**Given records**
———

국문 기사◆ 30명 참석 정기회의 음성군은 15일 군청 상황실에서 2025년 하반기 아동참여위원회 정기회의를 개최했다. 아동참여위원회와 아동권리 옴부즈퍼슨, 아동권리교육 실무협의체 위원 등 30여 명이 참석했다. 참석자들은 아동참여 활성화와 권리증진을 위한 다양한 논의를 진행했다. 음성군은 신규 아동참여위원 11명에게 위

———

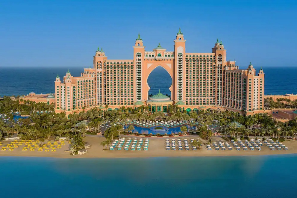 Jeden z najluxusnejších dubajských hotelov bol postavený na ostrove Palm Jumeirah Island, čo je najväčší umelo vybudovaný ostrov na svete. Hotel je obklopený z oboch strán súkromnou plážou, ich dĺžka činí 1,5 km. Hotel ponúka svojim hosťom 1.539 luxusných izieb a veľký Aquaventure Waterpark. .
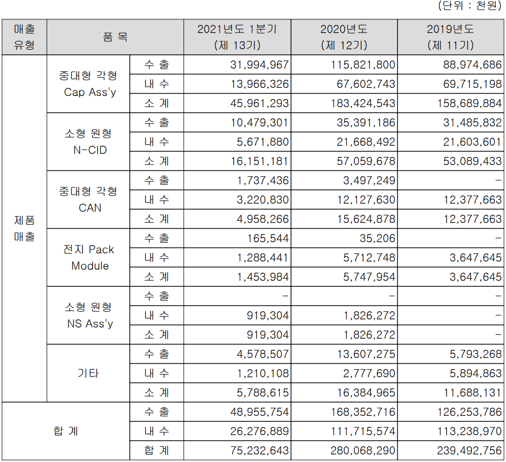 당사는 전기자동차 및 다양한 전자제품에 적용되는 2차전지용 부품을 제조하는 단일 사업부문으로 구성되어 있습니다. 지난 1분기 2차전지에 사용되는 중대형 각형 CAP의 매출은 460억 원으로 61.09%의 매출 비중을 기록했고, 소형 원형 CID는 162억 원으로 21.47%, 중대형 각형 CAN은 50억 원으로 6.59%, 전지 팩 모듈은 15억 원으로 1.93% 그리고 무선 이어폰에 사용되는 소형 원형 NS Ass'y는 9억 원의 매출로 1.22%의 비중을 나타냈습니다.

———

**Task statement**
The lines above from the line with "Jeden z najluxusnejších" through the line with "당사는 전기자동차 및" are to be given again word for word, with no pictures among them.

**Answer**
 Jeden z najluxusnejších dubajských hotelov bol postavený na ostrove Palm Jumeirah Island, čo je najväčší umelo vybudovaný ostrov na svete. Hotel je obklopený z oboch strán súkromnou plážou, ich dĺžka činí 1,5 km. Hotel ponúka svojim hosťom 1.539 luxusných izieb a veľký Aquaventure Waterpark. .
 당사는 전기자동차 및 다양한 전자제품에 적용되는 2차전지용 부품을 제조하는 단일 사업부문으로 구성되어 있습니다. 지난 1분기 2차전지에 사용되는 중대형 각형 CAP의 매출은 460억 원으로 61.09%의 매출 비중을 기록했고, 소형 원형 CID는 162억 원으로 21.47%, 중대형 각형 CAN은 50억 원으로 6.59%, 전지 팩 모듈은 15억 원으로 1.93% 그리고 무선 이어폰에 사용되는 소형 원형 NS Ass'y는 9억 원의 매출로 1.22%의 비중을 나타냈습니다.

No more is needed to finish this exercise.